=== Material for this exercise ===

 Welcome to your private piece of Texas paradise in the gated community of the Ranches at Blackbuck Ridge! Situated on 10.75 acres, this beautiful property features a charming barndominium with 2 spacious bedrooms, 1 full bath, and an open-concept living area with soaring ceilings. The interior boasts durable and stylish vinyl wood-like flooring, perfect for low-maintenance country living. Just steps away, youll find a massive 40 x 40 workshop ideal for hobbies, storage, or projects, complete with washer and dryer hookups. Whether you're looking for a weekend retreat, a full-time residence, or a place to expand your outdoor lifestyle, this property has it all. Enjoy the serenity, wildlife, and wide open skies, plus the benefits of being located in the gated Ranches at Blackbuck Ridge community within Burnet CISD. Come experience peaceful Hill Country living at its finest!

===
=== Material for this exercise ===

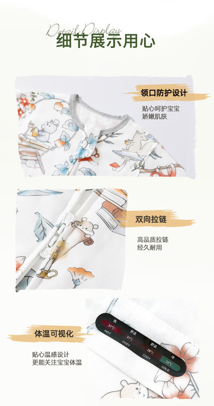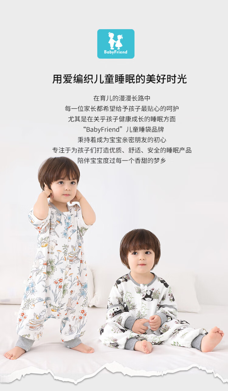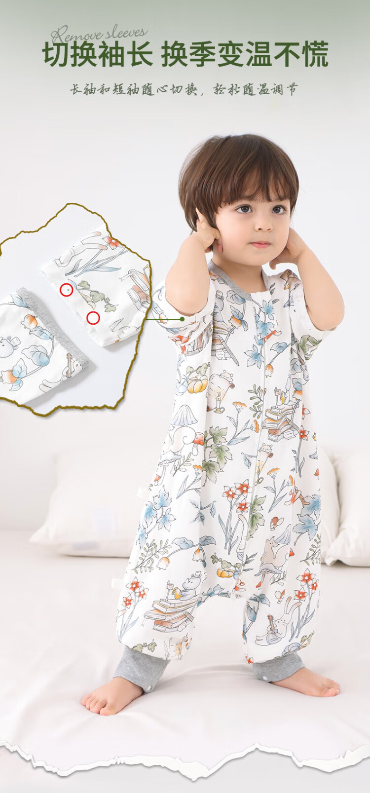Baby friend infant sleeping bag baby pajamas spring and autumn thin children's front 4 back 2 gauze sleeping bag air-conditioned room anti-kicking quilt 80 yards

===
=== Material for this exercise ===

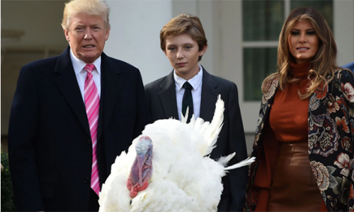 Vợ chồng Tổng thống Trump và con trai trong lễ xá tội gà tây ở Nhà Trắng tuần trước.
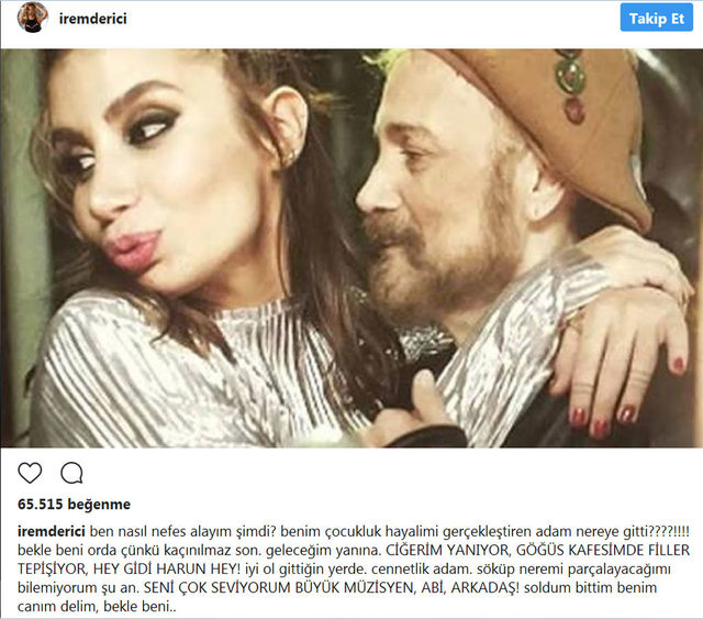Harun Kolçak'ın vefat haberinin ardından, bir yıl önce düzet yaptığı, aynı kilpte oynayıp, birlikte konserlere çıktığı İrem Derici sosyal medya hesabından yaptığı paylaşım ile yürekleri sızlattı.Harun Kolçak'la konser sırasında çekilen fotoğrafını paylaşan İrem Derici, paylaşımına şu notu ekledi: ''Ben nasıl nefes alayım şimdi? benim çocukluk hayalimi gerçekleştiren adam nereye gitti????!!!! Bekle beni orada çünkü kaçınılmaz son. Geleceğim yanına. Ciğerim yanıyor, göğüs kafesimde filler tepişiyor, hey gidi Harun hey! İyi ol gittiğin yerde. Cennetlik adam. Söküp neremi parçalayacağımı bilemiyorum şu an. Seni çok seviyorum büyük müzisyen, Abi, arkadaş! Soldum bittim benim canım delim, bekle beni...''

===

| Brief |
Look above for the line with "Vợ chồng Tổng" and the line with "Harun Kolçak'ın vefat", then copy exactly the lines from the first through the second, both kept, with no pictures.

| Solution for this problem |
 Vợ chồng Tổng thống Trump và con trai trong lễ xá tội gà tây ở Nhà Trắng tuần trước.
Harun Kolçak'ın vefat haberinin ardından, bir yıl önce düzet yaptığı, aynı kilpte oynayıp, birlikte konserlere çıktığı İrem Derici sosyal medya hesabından yaptığı paylaşım ile yürekleri sızlattı.Harun Kolçak'la konser sırasında çekilen fotoğrafını paylaşan İrem Derici, paylaşımına şu notu ekledi: ''Ben nasıl nefes alayım şimdi? benim çocukluk hayalimi gerçekleştiren adam nereye gitti????!!!! Bekle beni orada çünkü kaçınılmaz son. Geleceğim yanına. Ciğerim yanıyor, göğüs kafesimde filler tepişiyor, hey gidi Harun hey! İyi ol gittiğin yerde. Cennetlik adam. Söküp neremi parçalayacağımı bilemiyorum şu an. Seni çok seviyorum büyük müzisyen, Abi, arkadaş! Soldum bittim benim canım delim, bekle beni...''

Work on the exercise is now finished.